### [ACTION ITEM]
In the listing below, find the line with "राज्यातील गेल्या सात" and the line with "Składniki: zupa brokułowa". Repeat those two lines and all lines between them exactly.

### [EXERCISE DATA]
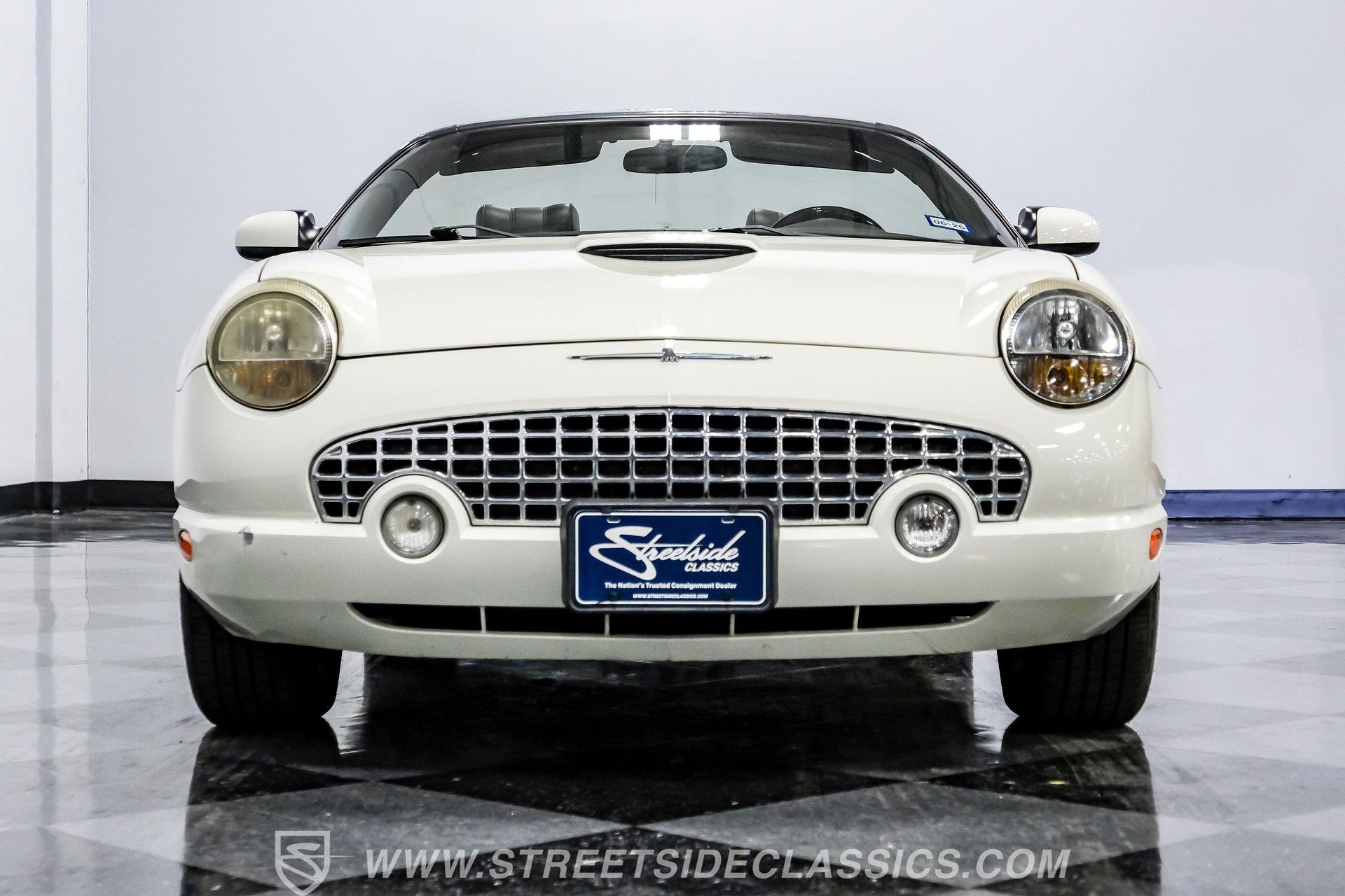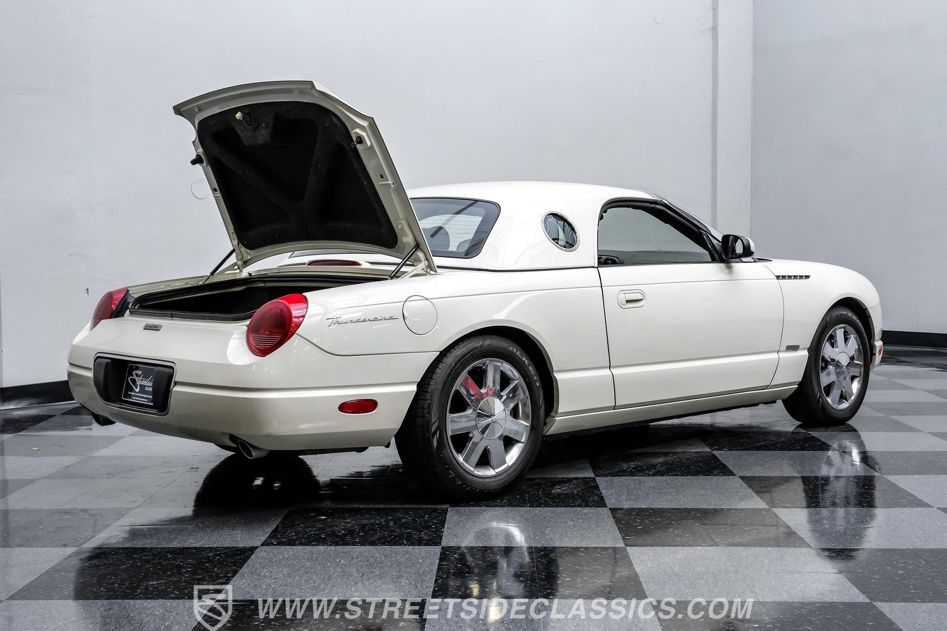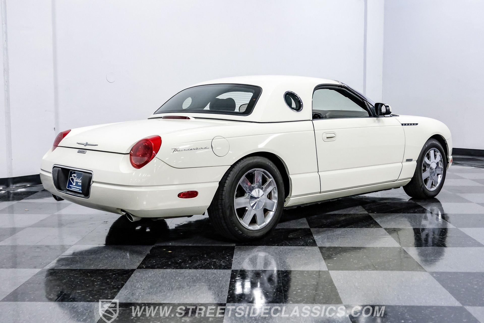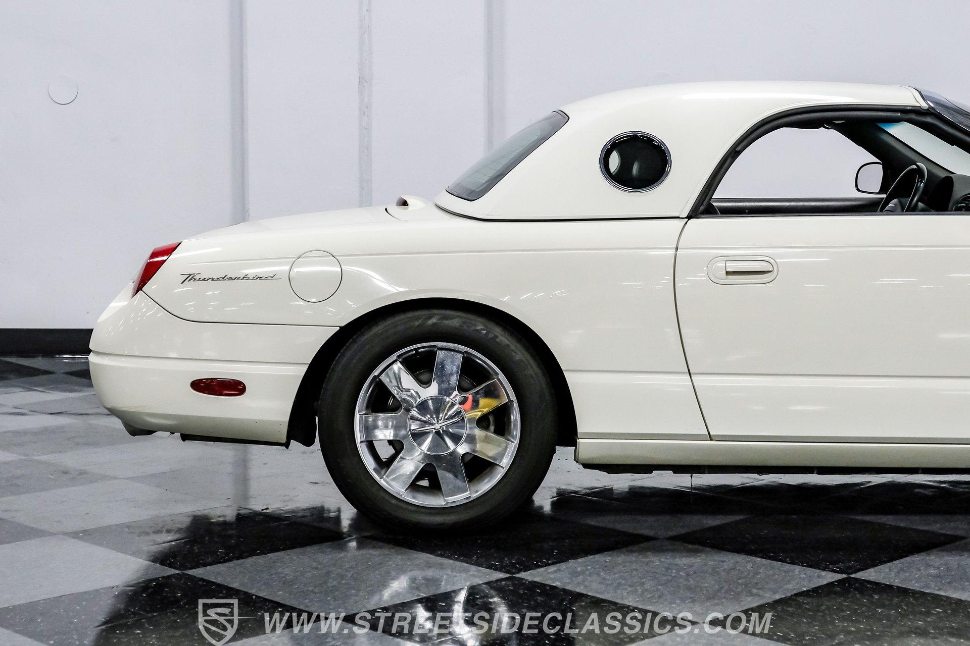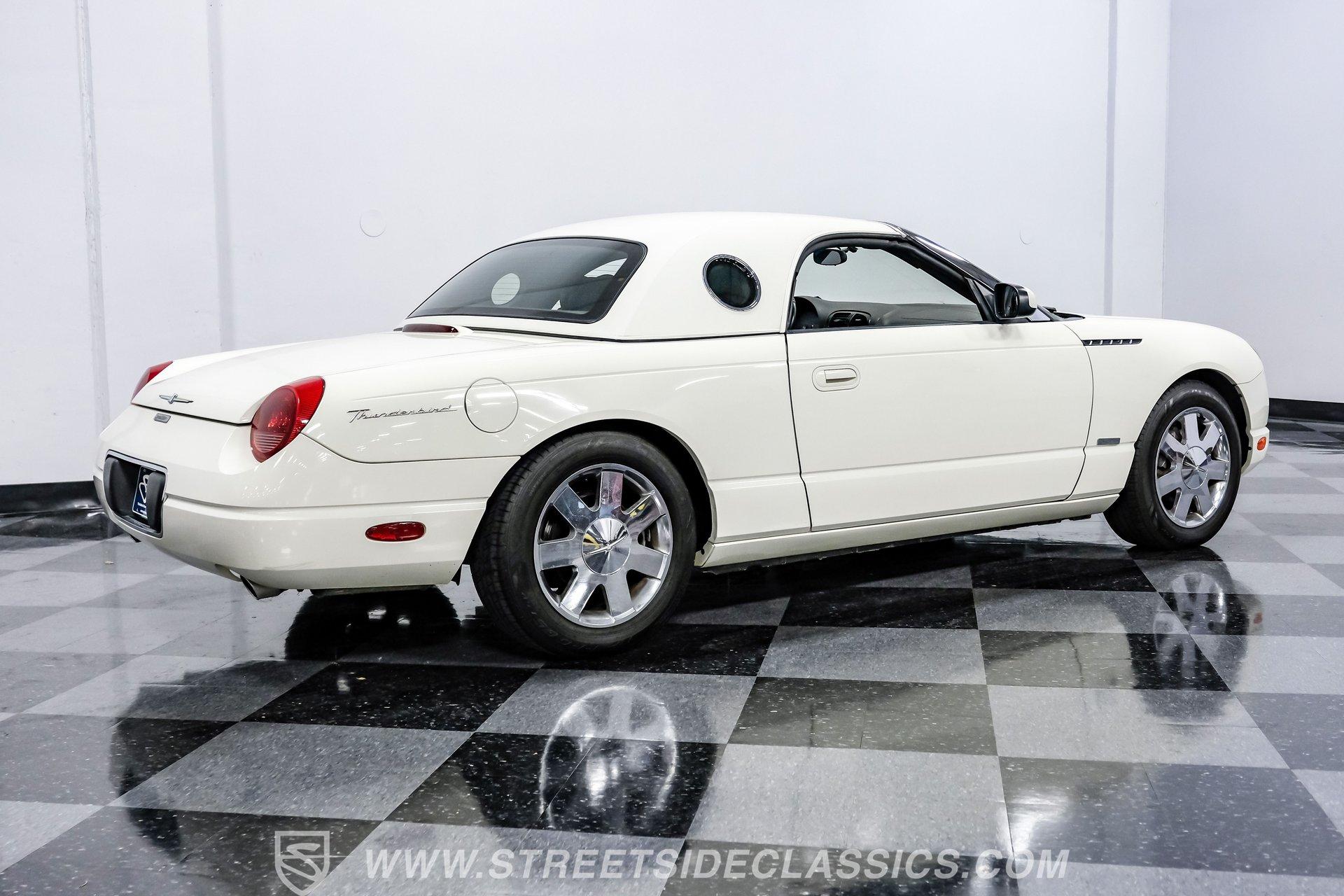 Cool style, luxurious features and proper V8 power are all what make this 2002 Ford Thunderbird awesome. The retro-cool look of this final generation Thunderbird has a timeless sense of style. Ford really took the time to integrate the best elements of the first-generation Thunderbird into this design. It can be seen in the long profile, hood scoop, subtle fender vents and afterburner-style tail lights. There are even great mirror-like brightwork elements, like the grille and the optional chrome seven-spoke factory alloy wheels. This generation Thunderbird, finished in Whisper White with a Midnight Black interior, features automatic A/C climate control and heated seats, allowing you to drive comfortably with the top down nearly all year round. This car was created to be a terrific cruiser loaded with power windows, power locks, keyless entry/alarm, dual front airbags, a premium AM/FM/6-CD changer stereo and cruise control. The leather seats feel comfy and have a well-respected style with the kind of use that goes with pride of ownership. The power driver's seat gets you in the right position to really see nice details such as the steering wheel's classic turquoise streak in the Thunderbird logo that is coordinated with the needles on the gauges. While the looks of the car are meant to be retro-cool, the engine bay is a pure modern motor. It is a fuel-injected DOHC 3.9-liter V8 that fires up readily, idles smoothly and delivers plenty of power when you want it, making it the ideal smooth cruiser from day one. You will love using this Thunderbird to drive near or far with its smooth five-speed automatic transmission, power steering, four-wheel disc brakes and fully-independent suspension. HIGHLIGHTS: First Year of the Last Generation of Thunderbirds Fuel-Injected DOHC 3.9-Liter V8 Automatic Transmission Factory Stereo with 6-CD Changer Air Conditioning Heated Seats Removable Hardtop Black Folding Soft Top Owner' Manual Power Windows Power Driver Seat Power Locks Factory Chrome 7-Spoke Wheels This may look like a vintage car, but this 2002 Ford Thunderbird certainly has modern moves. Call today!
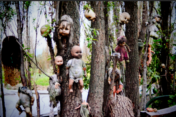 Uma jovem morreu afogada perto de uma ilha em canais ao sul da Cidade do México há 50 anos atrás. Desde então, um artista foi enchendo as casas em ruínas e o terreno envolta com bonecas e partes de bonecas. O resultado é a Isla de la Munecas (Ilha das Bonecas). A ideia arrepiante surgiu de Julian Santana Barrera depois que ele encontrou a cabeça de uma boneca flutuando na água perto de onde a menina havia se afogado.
--
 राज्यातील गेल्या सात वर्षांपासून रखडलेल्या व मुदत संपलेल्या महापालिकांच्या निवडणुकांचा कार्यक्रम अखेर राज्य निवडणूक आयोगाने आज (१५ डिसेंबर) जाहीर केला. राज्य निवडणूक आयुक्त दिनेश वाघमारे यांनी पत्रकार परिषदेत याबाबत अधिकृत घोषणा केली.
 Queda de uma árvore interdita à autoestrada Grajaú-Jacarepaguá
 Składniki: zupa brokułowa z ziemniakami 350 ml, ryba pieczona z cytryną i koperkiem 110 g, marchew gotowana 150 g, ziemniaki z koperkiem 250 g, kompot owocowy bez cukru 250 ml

### [RESPONSE BELOW]
 राज्यातील गेल्या सात वर्षांपासून रखडलेल्या व मुदत संपलेल्या महापालिकांच्या निवडणुकांचा कार्यक्रम अखेर राज्य निवडणूक आयोगाने आज (१५ डिसेंबर) जाहीर केला. राज्य निवडणूक आयुक्त दिनेश वाघमारे यांनी पत्रकार परिषदेत याबाबत अधिकृत घोषणा केली.
 Queda de uma árvore interdita à autoestrada Grajaú-Jacarepaguá
 Składniki: zupa brokułowa z ziemniakami 350 ml, ryba pieczona z cytryną i koperkiem 110 g, marchew gotowana 150 g, ziemniaki z koperkiem 250 g, kompot owocowy bez cukru 250 ml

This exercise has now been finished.